公式Claude Code skillsドキュメントによれば、skillはYAMLフロントマターとマークダウン命令を含むSKILL.mdファイルを持つフォルダです。Claudeは起動時に名前と説明を読み込み、スキルが必要になったときだけ本体全体を取得します。このプログレッシブディスクロージャー設計はコンテキストを無駄なく保ちます。このページで提供するもの:ゼロから書いた内部リンク監査用のオリジナルスキル、トリガーテストケース、結果ルーブリック、そして反復可能にするためのパッケージステップです。
動作するSKILL.mdの例
完成した成果物から始めましょう。これであなたが目指す方向が見えます。以下はサイト全体の内部リンクを監査するスキルです。コピーしてインストールしてから、このポストの残りを読んで、すべての判断を理解してください。
description: >
Audits internal links in a project's HTML or Markdown output.

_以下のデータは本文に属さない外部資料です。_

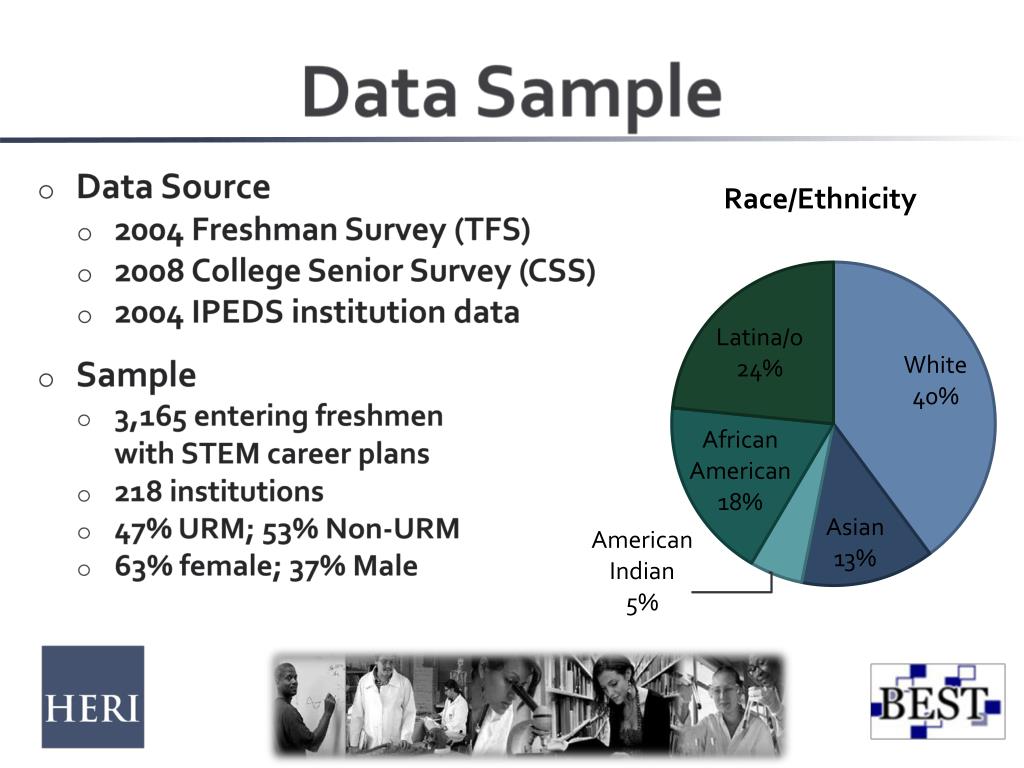 Data Sample • Data Source • 2004 Freshman Survey (TFS) • 2008 College Senior Survey (CSS) • 2004 IPEDS institution data • Sample • 3,165 entering freshmen with STEM career plans • 218 institutions • 47% URM; 53% Non-URM • 63% female; 37% Male
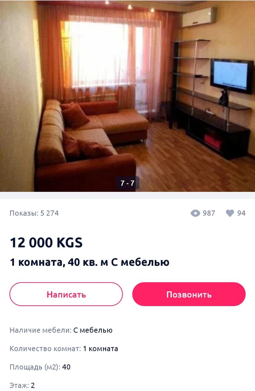 Цена съемного жилья ежемесячно, как говорится в объявлении, составляет 12 тысяч сомов. Расположена квартира якобы в девятиэтажном доме напротив Кыргызской национальной филармонии имени Токтогула Сатылганова (самый центр города). Якобы потому, что такой квартиры в районе филармонии нет.
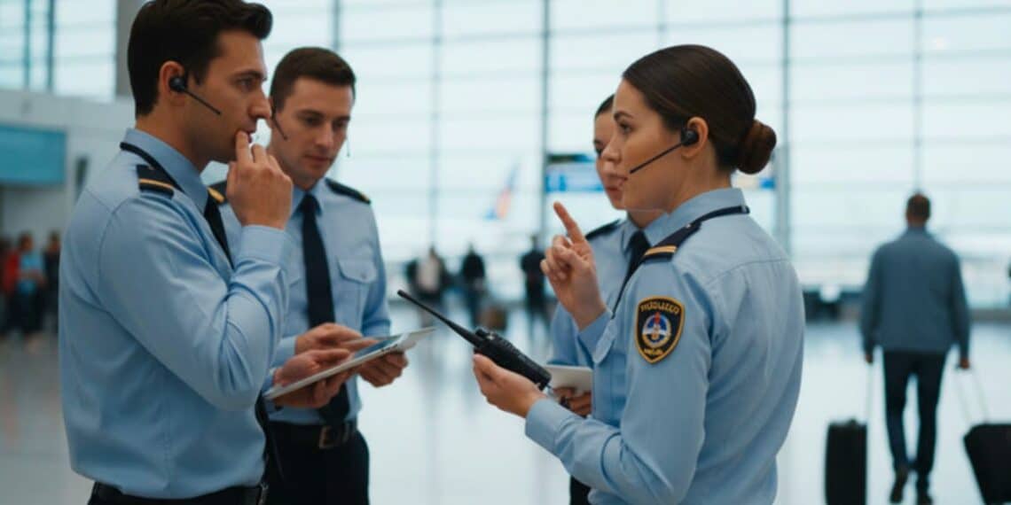 Les agents de sûreté, avec leurs équipements visibles, jouent un rôle essentiel. Ils guident, sécurisent et fluidifient le parcours de chaque voyageur.
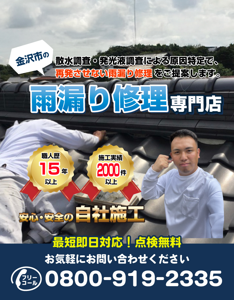 金沢市雨漏り修理工房では、調査から施工までを自社の職人が一貫して対応しています。下請け業者を挟まないため、余計な中間マージンが発生せず、適正で分かりやすい価格をご提供できます。また、急な雨漏りにも柔軟に対応できる体制を整えており、最短即日での対応も可能です。「高いのでは…」と不安な方も、まずは無料点検で現状をご確認ください。

Use when the user asks to check broken links, find dead anchors,
audit site links, or review internal navigation before a deploy.
``
## Internal Link Audit
``
Run a link audit against the built output or source files.
``
### Steps
``
1. Collect all internal links (href or markdown link targets starting
with / or a relative path).
2. Resolve each link against the project root.
3. Check whether the resolved target file or anchor exists on disk.

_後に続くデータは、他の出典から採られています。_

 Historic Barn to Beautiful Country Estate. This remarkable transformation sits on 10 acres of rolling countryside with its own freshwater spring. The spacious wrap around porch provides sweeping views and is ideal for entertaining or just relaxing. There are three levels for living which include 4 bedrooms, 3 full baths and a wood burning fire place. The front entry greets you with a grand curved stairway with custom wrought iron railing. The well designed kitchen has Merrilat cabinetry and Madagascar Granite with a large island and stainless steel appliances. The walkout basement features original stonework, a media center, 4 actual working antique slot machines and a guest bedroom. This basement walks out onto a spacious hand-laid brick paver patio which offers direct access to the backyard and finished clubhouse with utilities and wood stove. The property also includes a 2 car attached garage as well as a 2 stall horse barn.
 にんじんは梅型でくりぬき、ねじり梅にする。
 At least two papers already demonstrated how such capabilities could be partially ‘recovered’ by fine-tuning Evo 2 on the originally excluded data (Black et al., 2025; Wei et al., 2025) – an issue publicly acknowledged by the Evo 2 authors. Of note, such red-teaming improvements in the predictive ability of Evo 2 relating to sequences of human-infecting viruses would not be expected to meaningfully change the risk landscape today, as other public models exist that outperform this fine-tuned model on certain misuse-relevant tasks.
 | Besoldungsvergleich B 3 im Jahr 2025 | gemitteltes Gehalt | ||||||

4. Report broken links grouped by source file. For each broken link,
show: source file, link text, href, and the reason it fails
(missing file, missing anchor, or redirect loop if detectable).
5. List passing links only in a summary count, not individually.

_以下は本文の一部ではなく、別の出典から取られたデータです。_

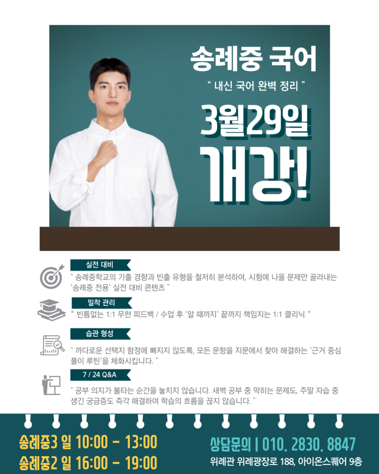 송례중학교 학생들과 학부모님들, 안녕하세요! 새학기 시작을 앞두고 국어 내신 대비에 대한 고민이 많으실 텐데요. 송례중 국어 내신의 특징을 완벽하게 분석하여 고득점으로 이끌어줄 [송례중 전용 국어 내신 대비반] 개강 소식을 전해드립니다! 이번 시험, 확실한 전략으로 준비하고 싶다면 주목해 주세요. 3월 29일(일) 개강! 송례중 맞춤형 커리큘럼이 드디어 시작됩니다. 중학교 국어는 고등학교 수능 국어의 기초가 되는 만큼, 단순히 암기하는 것이 아니라 '원리'를 이해하는 것이 핵심입니다. ⏰ 수업 시간 안내 송례중 3학년: 매주 (일) 10:00 – 13:00 송례중 2학년: 매주 (일) 16:00 – 19:00 내신 수업은 본 수업 5회차, ....... <img src="https://blogthumb.pstatic.net/MjAyNjAzMDJfMTc0/MDAxNzcyNDU1NDAwMjUz.kcPU9X3OP0UCXI6K9lEGSZGI07xyOf_zCX3GOAZVc1sg.1AQYeJdIGvN9IQxff6NaSoHvHfV0Apa6UzsitsASre0g.PNG/%C1%A6%B8%F1%C0%BB-%C0%D4%B7%C2%C7%D8%C1%D6%BC%BC%BF%E4_-001.png?type=s3" />

6. If zero broken links are found, say so explicitly.
``
### Output format
``
- Broken links: grouped table per source file.
- Summary line: "X of Y internal links are broken."
- If scripts/ contains check-links.sh, run it first and append
Claude's analysis below the script output.
これは実在する、機能するスキルです。~/.claude/skills/internal-link-audit/SKILL.mdに保存すれば、すべてのプロジェクトで即座に利用可能になります。
注意すべき点:公式ドキュメントは、カスタムコマンドがスキルに統合されたことを確認しています。両者は/nameで呼び出せます。つまり/internal-link-auditはダイレクトコマンドとして機能し、Claudeは自然言語リクエストからも自動的にマッチします。これらは別々のメカニズムではありません。
狭いタスクを選んでDescriptionを書く
descriptionフィールドはドキュメントではありません。これはトリガーです。その中のすべての単語は、スキルを正しい場面にマッチさせるのに役立つか、マッチングを悪化させるノイズを追加するかのいずれかです。
Hidekazu Konishiのガイドは明確に述べています:曖昧な説明がスキルが発火しない最も一般的な理由です。三人称で書きます。主要なユースケースで始めます。次に、ユーザーが実際に入力するフレーズをリストアップします。マッチングはあなたの内部アイデアではなく、これらのフレーズに対して行われるからです。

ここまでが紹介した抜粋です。